Элизабет сделала глубокий реверанс и опустила сумочку, которая была очень тяжелой.
– Это, – продолжил Генрих, открывая коробочку, – для ваших глаз и чтобы украсить вашу белую шею.
Элизабет еще раз присела в реверансе. Она почувствовала, как Генрих на мгновение посмотрел ей прямо в глаза.
Его слова были приятными и благопристойными, но чувство облегчения в ней перешло в негодование, а не в благодарность. Само назначение и красота бриллианта и сапфирового колье, которые он ей подарил, возбуждали чувственность. Разве он никогда не ошибался? Неужели всегда он говорил правильно, а эмоции выражал надлежащим образом? Молчание становилось заметным. Генрих ожидал с ее стороны должного выражения благодарности. Внезапный прилив чувств сковал горло Элизабет, когда она осознала, что он готов ждать нужного ответа вечность. Ничто, очевидно, не могло привести короля в замешательство.
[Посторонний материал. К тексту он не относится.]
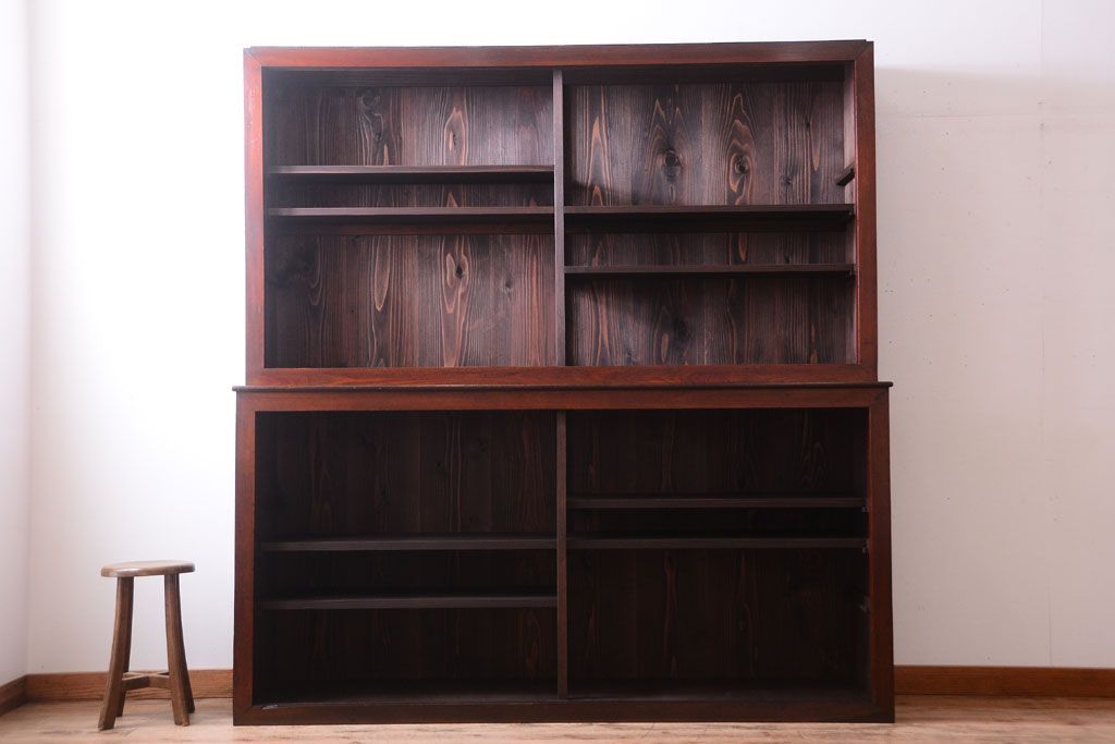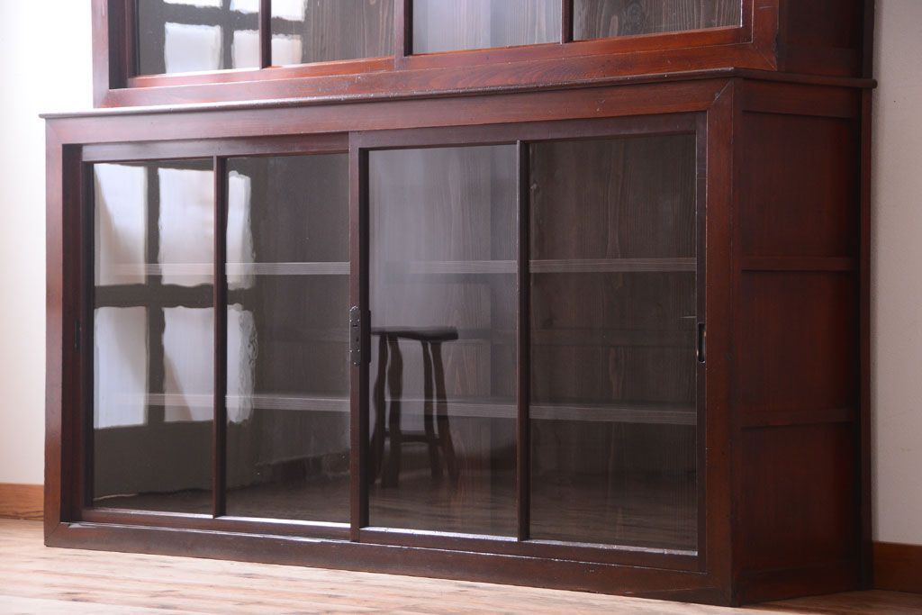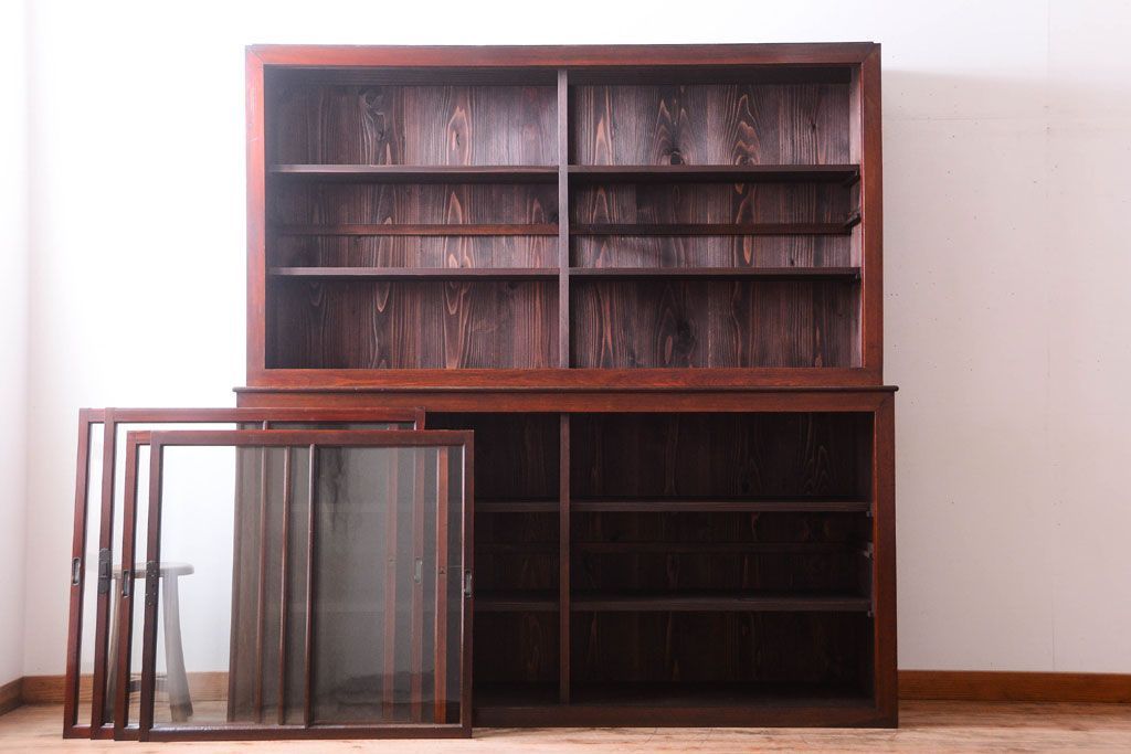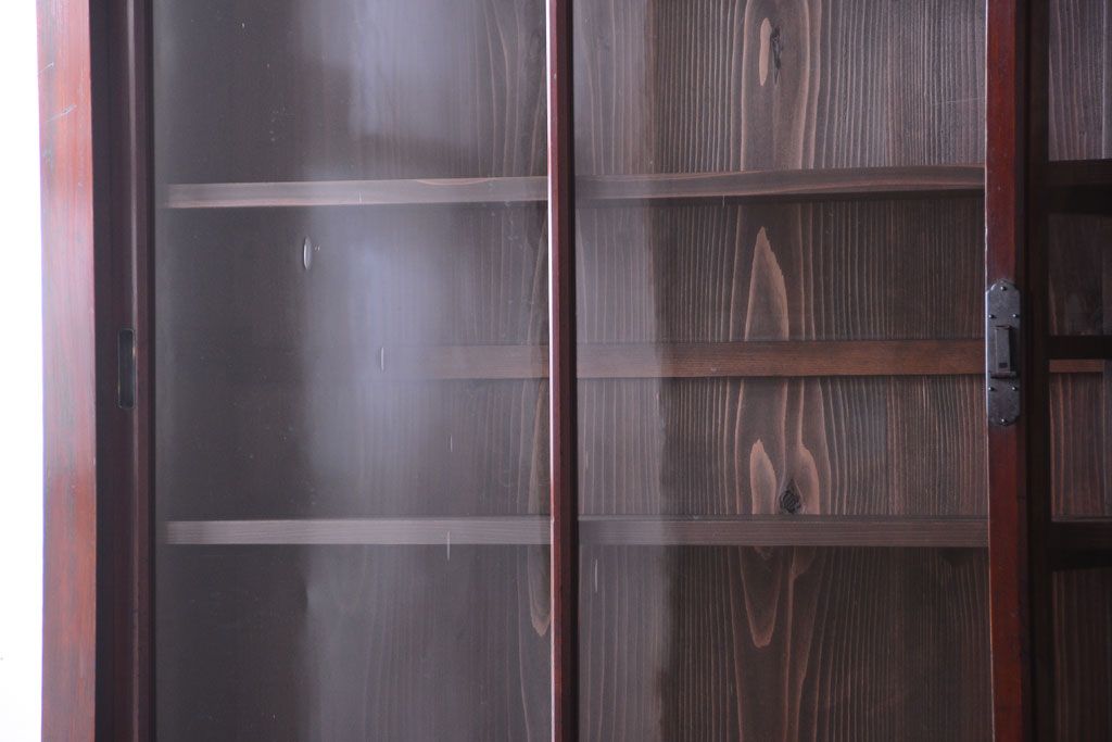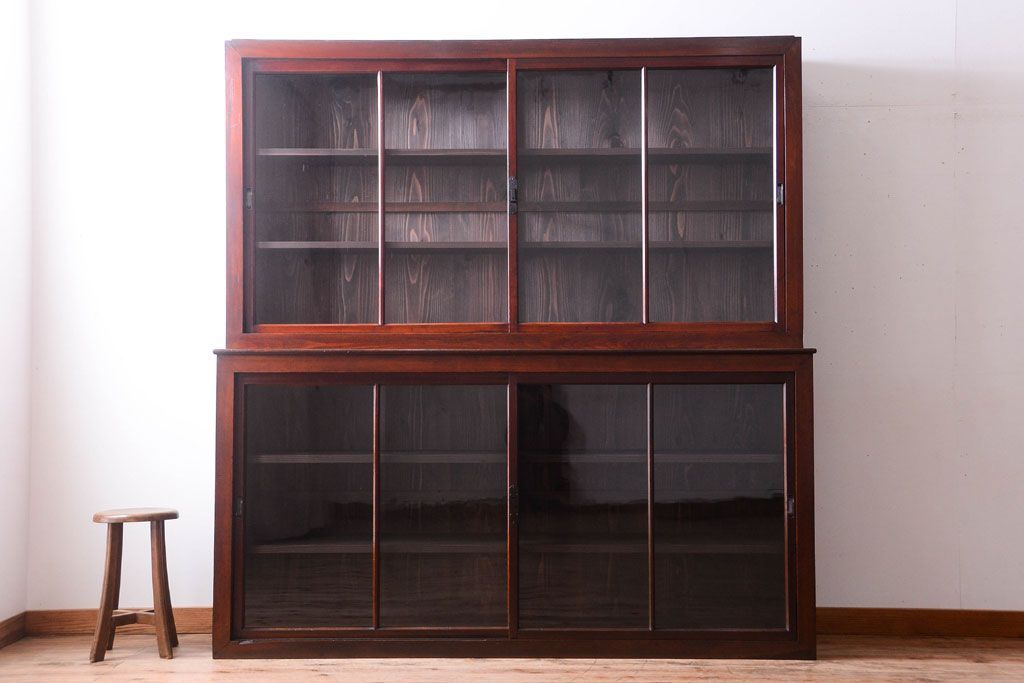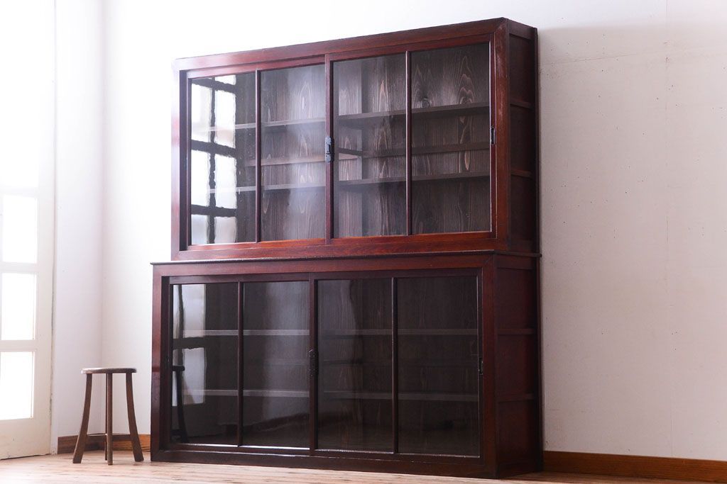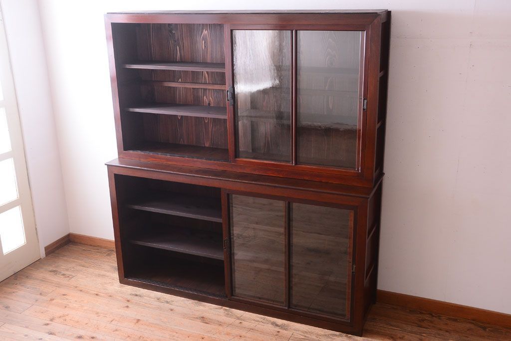 アンティーク家具 和製アンティーク 2枚引き戸!2段重ね収納棚(食器棚・キャビネット)

– Благодарю вас, – произнесла она, задыхаясь, взяла коробочку и положила рядом с сумочкой.
– И это мой последний подарок до нашей свадьбы.
Невесть откуда появился свернутый в трубочку пергамент с печатями. На этот раз Элизабет без промедления взяла его, не желая больше разговаривать с этим «каменным» человеком, который мог только ставить ее в затруднительное положение. Глаза Генриха были прикрыты, а подвижные губы слегка искривились в предвкушении ее изумления. Достаточно было мимолетного взгляда на документы. Элизабет побледнела. У нее не было даже отсрочки до прихода разрешения папы. Генрих уже получил его от посла папы.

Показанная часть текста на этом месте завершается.